-- PROMPT --
Write out the line with "Besides the ability" and every later line through the end of the data below, exactly as given, with no pictures in the copy.

Extracted records:
○ ○ ○

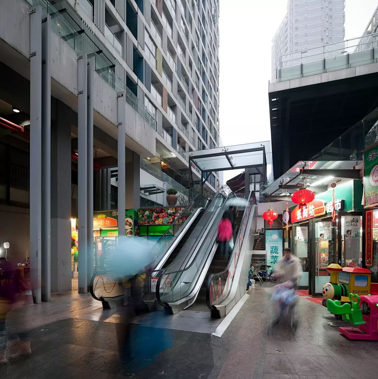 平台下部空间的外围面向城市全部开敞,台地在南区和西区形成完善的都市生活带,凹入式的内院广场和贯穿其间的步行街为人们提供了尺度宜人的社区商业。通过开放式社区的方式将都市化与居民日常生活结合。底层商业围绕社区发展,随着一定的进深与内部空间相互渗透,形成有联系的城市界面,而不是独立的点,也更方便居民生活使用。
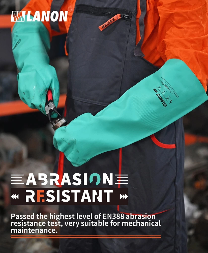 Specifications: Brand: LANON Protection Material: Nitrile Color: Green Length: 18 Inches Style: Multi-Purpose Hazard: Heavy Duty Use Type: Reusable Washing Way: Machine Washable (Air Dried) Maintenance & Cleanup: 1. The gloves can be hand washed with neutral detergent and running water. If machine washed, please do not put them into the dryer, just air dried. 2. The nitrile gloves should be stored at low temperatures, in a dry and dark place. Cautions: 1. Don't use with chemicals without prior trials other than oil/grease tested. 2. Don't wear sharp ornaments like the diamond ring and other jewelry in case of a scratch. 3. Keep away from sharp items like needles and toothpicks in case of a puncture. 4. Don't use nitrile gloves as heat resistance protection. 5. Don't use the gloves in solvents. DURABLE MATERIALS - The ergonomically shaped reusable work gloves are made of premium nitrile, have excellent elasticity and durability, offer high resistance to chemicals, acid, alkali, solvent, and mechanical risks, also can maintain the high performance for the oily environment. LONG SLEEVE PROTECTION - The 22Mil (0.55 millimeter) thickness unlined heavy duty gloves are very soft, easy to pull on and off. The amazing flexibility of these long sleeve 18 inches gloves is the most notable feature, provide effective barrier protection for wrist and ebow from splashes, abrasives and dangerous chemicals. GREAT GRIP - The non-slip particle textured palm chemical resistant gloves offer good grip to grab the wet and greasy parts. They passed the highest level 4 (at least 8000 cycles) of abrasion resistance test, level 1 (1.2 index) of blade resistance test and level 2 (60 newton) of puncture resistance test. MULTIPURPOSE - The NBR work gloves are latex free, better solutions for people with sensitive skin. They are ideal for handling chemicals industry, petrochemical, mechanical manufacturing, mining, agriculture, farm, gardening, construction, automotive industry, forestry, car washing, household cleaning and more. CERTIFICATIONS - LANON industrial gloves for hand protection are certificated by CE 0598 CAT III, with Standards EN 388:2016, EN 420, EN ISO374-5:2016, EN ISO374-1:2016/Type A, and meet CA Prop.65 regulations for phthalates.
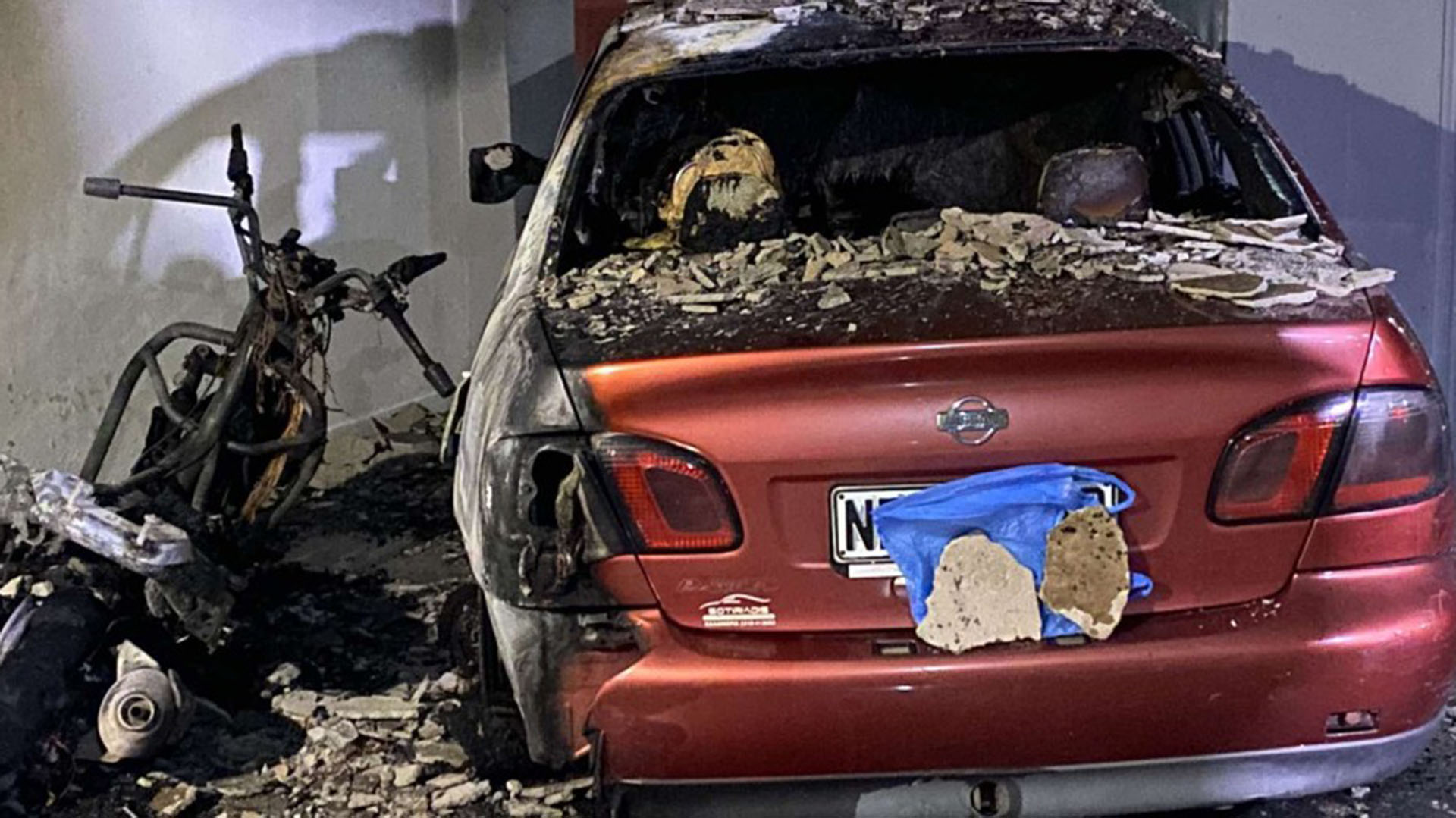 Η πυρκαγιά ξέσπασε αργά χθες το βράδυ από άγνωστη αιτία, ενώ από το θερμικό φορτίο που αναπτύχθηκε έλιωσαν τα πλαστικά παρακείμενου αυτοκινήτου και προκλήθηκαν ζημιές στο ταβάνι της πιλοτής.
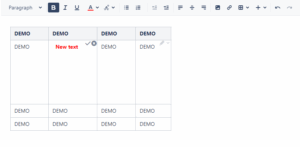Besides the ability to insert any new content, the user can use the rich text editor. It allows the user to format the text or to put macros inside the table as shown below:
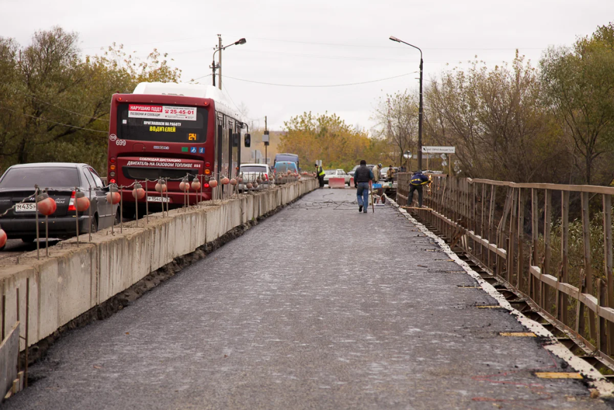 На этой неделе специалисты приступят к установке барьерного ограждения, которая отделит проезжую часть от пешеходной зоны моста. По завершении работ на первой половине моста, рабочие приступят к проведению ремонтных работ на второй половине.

○ ○ ○

-- EXERCISE SOLUTION --
Besides the ability to insert any new content, the user can use the rich text editor. It allows the user to format the text or to put macros inside the table as shown below:
 На этой неделе специалисты приступят к установке барьерного ограждения, которая отделит проезжую часть от пешеходной зоны моста. По завершении работ на первой половине моста, рабочие приступят к проведению ремонтных работ на второй половине.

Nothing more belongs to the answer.